On April 3, 2023, Cutera, Inc. (the “Company”) received a demand (the “Special Meeting Demand”) to call a special meeting of the stockholders of the Company (a “Special Meeting”) from the Executive Chairperson of the Board of Directors (the “Board”), J. Daniel Plants (“Mr. Plants”), to be held June 2, 2023, at 9:00 a.m. Pacific Time, at the Company’s headquarters (the “Demand Letter”).
In the Demand Letter, Mr. Plants demanded that the Special Meeting be held prior to the Company’s 2023 annual meeting of stockholders for the purpose of removing from office as directors of the Company, without cause, Gregory A. Barrett, Sheila A. Hopkins, Timothy J. O’Shea, Juliane T. Park, Janet D. Widmann and any other person or persons, other than Mr. Plants, David H. Mowry and Joseph E. Whitters, elected or appointed to the Board prior to or at the Special Meeting. Mr. Plants also requested that, as part of the business to be transacted at the Special Meeting, the stockholders of the Company be given the opportunity to vote upon a proposal to repeal each provision of, or amendment to, the Company’s Bylaws which were adopted by the Board after April 13, 2017 without stockholder approval.
On April 6, 2023, the Board established a special committee of the Board (the “Special Committee”) to review the Special Meeting Demand and related matters. Consistent with its fiduciary duties, the Special Committee will carefully review the Special Meeting Demand.
The Special Committee is committed to acting in the best interests of the Company and its stockholders and will make a formal recommendation regarding the Special Meeting Demand in due course.

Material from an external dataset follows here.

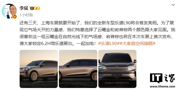 IT之家 4 月 20 日消息,蔚来创始人、董事长、CEO 李斌今日发文称,全新车型乐道 L90 将会在上海车展首发亮相,特意选择了云曦金和岩脊棕两个颜色跟大家见面。
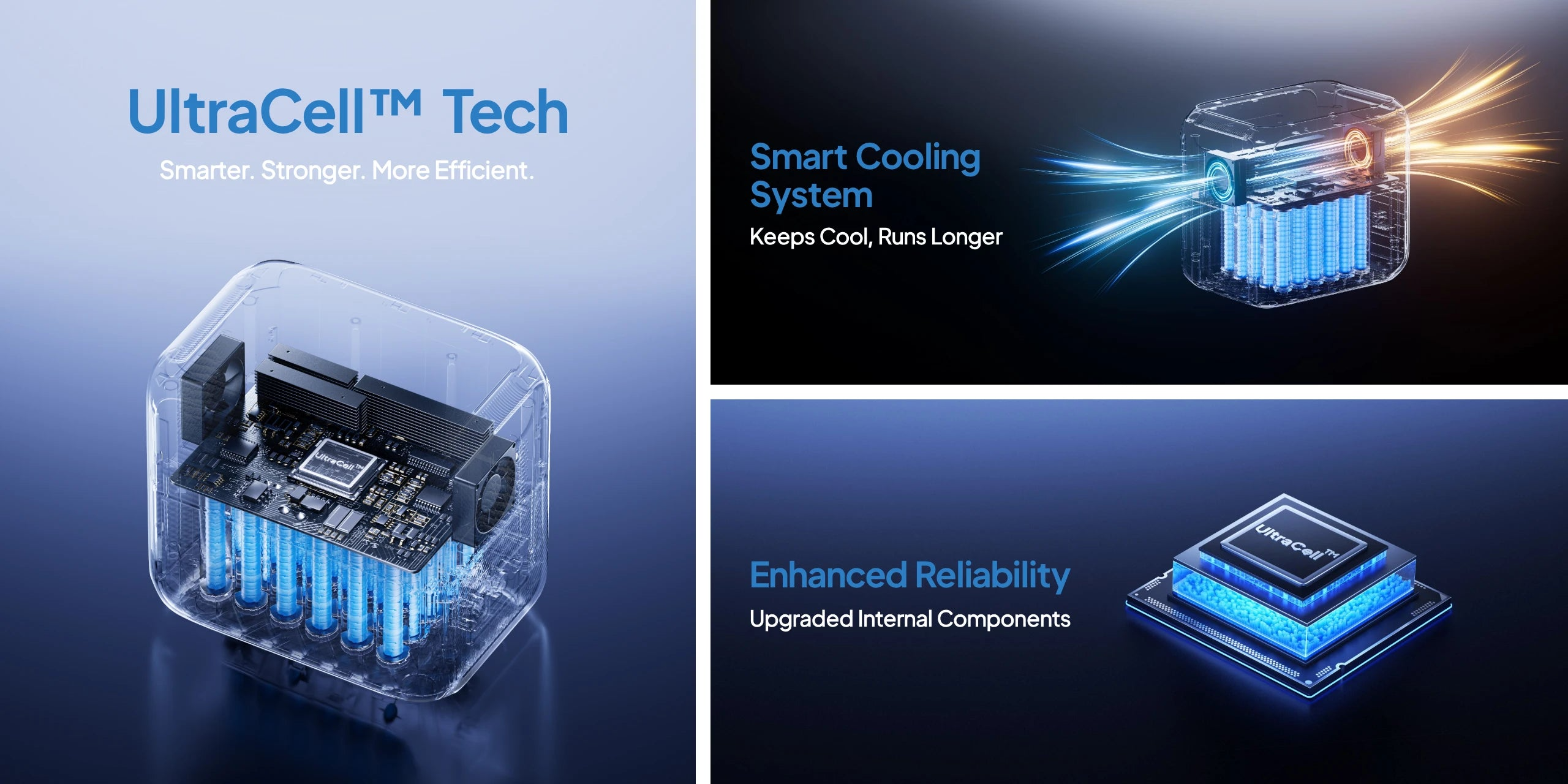 • Siguranta completa: Baterie pe ioni de sodiu, sistem AI-BMS si protectii multiple pentru utilizare fara griji.

Additional Information and Where to Find It
If the Company determines to hold a special meeting of stockholders, the Company will file a proxy statement on Schedule 14A, an accompanying white proxy card and other relevant documents with the Securities and Exchange Commission (the “SEC”) in connection with the solicitation of proxies from the Company’s stockholders for such meeting. STOCKHOLDERS OF THE COMPANY ARE STRONGLY ENCOURAGED TO READ THE COMPANY’S DEFINITIVE PROXY STATEMENT (INCLUDING ANY AMENDMENTS OR SUPPLEMENTS THERETO), IF ANY, AND ALL OTHER DOCUMENTS FILED WITH THE SEC CAREFULLY AND IN THEIR ENTIRETY, IF AND WHEN, THEY BECOME AVAILABLE BECAUSE THEY WILL CONTAIN IMPORTANT INFORMATION. Investors and stockholders may obtain a copy of any definitive proxy statement of the Company, an accompanying white proxy card, any amendments or supplements thereto and other documents filed by the Company with the SEC if and when they become available at no charge at the SEC’s website at www.sec.gov. Copies will also be available at no charge in the “SEC Filings” subsection of the Company’s Investor Relations website at http://ir.cutera.com or by contacting the Company’s Investor Relations Department at IR@cutera.com, as soon as reasonably practicable after such materials are electronically filed with, or furnished to, the SEC.
Participants in the Solicitation
If the Company determines to hold a special meeting of stockholders, the Company, its directors and certain of its executive officers may be deemed participants in the solicitation of proxies from the Company’s stockholders in connection with matters to be considered at such special meeting of stockholders. Information regarding the direct and indirect interests, by security holdings or otherwise, of the Company’s directors and executive officers is included in the Company’s Proxy Statement on Schedule 14A for its 2022 annual meeting of stockholders, filed with the SEC on May 2, 2022, the Company’s Annual Report on Form 10-K for the year ended December 31, 2021, filed with the SEC on March 1, 2022 and in the Company’s Current Reports on Form 8-K filed with the SEC from time to time. Changes to the direct or indirect interests of the Company’s directors and executive officers are set forth in SEC filings on Initial Statements of Beneficial Ownership on Form 3 or Statements of Change in Ownership on Form 4. These documents are available free of charge as described above. Updated information regarding the identities of potential participants and their direct or indirect interests, by security holdings or otherwise, in the Company will be set forth in the definitive proxy statement for the Company’s special meeting of stockholders and other relevant documents to be filed with the SEC, if and when they become available.